Work item => What's needed is an exact copy of all the data below, without pictures.

Input data =>
*** Block opens ***
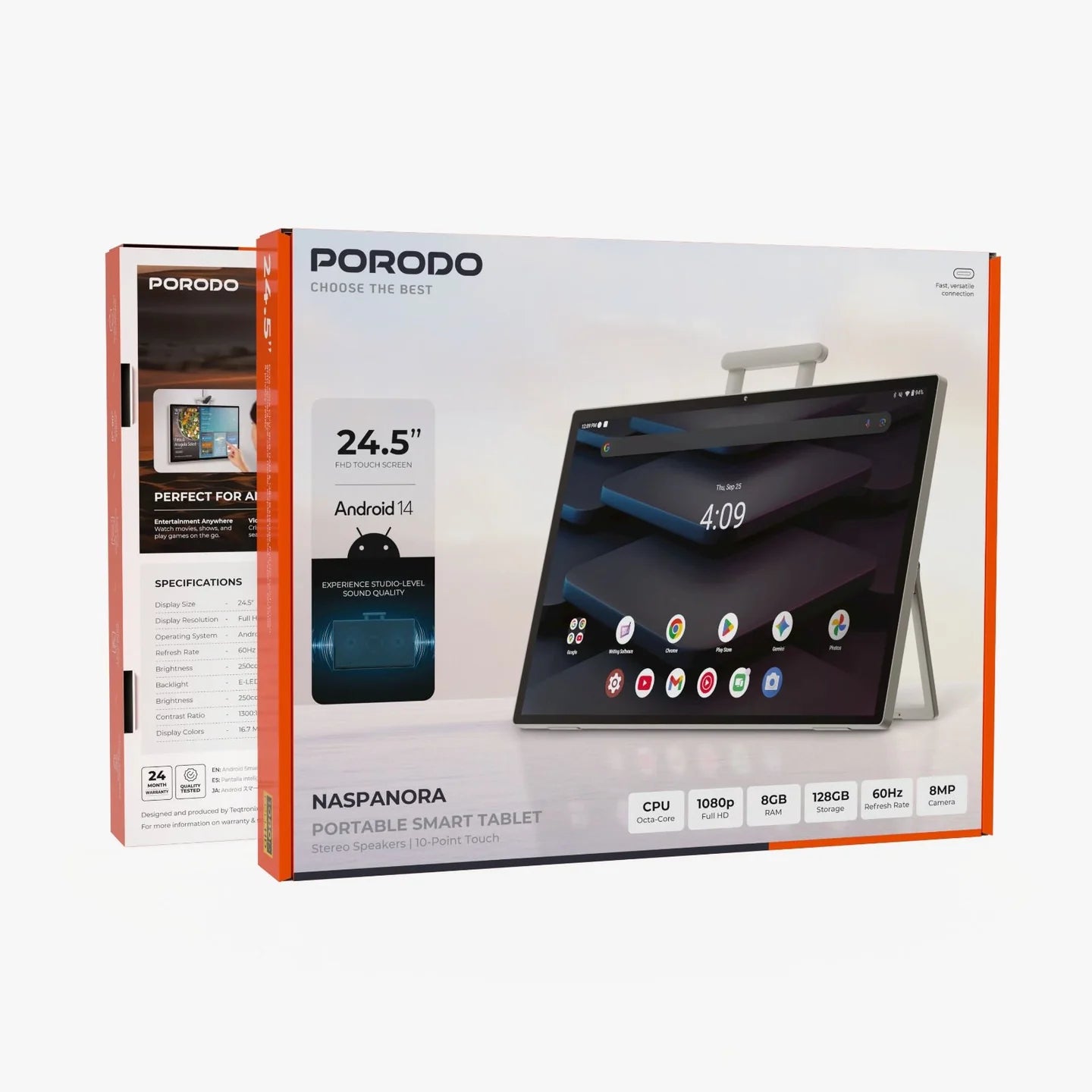 شاشة ذكية محمولة من Porodo Naspanora بحجم 24.5 بوصة تعمل بنظام Android 14، مصممة لتقديم تجربة ترفيه وعمل غامرة في أي مكان. شاشة لمس Full HD، أداء قوي، صوت ستيريو، وتصميم أنيق مع حامل قابل للتعديل يجعلها الخيار المثالي للاجتماعات، التعليم، الترفيه، والعرض التفاعلي.
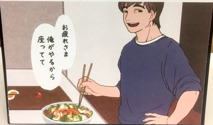 (在公司受了一整天鳥氣的你,回家看到他站在廚房準備兩人的晚餐)
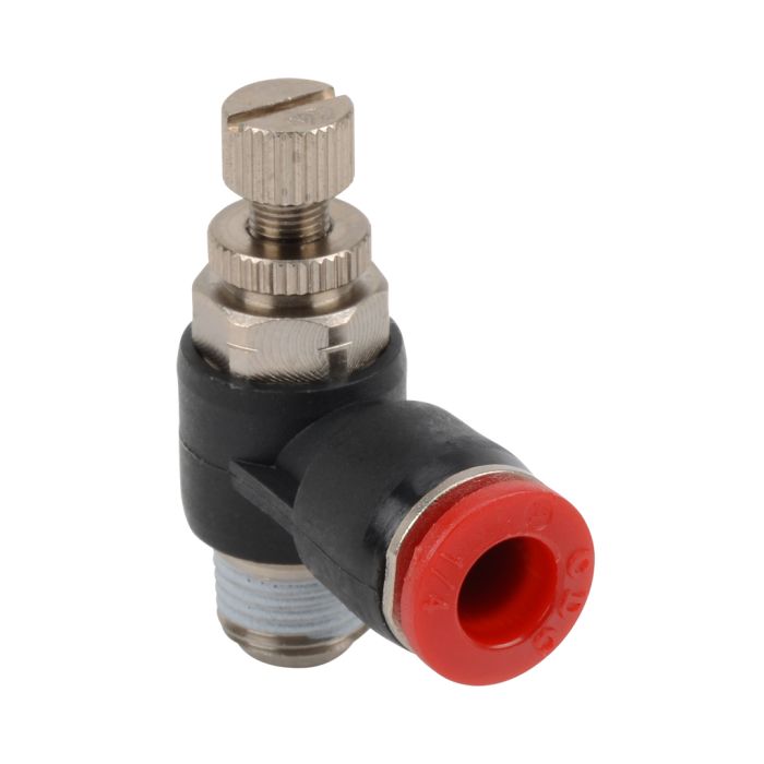 NITRA pneumatic push-to-connect fitting, elbow flow control valve, rotating, meter-in, thermoplastic (PBT) body, nickel-plated brass threads, 1/4in tube to 1/8in NPT connection(s). Package of 2.
*** Block closes ***
Output for this task =>
 شاشة ذكية محمولة من Porodo Naspanora بحجم 24.5 بوصة تعمل بنظام Android 14، مصممة لتقديم تجربة ترفيه وعمل غامرة في أي مكان. شاشة لمس Full HD، أداء قوي، صوت ستيريو، وتصميم أنيق مع حامل قابل للتعديل يجعلها الخيار المثالي للاجتماعات، التعليم، الترفيه، والعرض التفاعلي.
 (在公司受了一整天鳥氣的你,回家看到他站在廚房準備兩人的晚餐)
 NITRA pneumatic push-to-connect fitting, elbow flow control valve, rotating, meter-in, thermoplastic (PBT) body, nickel-plated brass threads, 1/4in tube to 1/8in NPT connection(s). Package of 2.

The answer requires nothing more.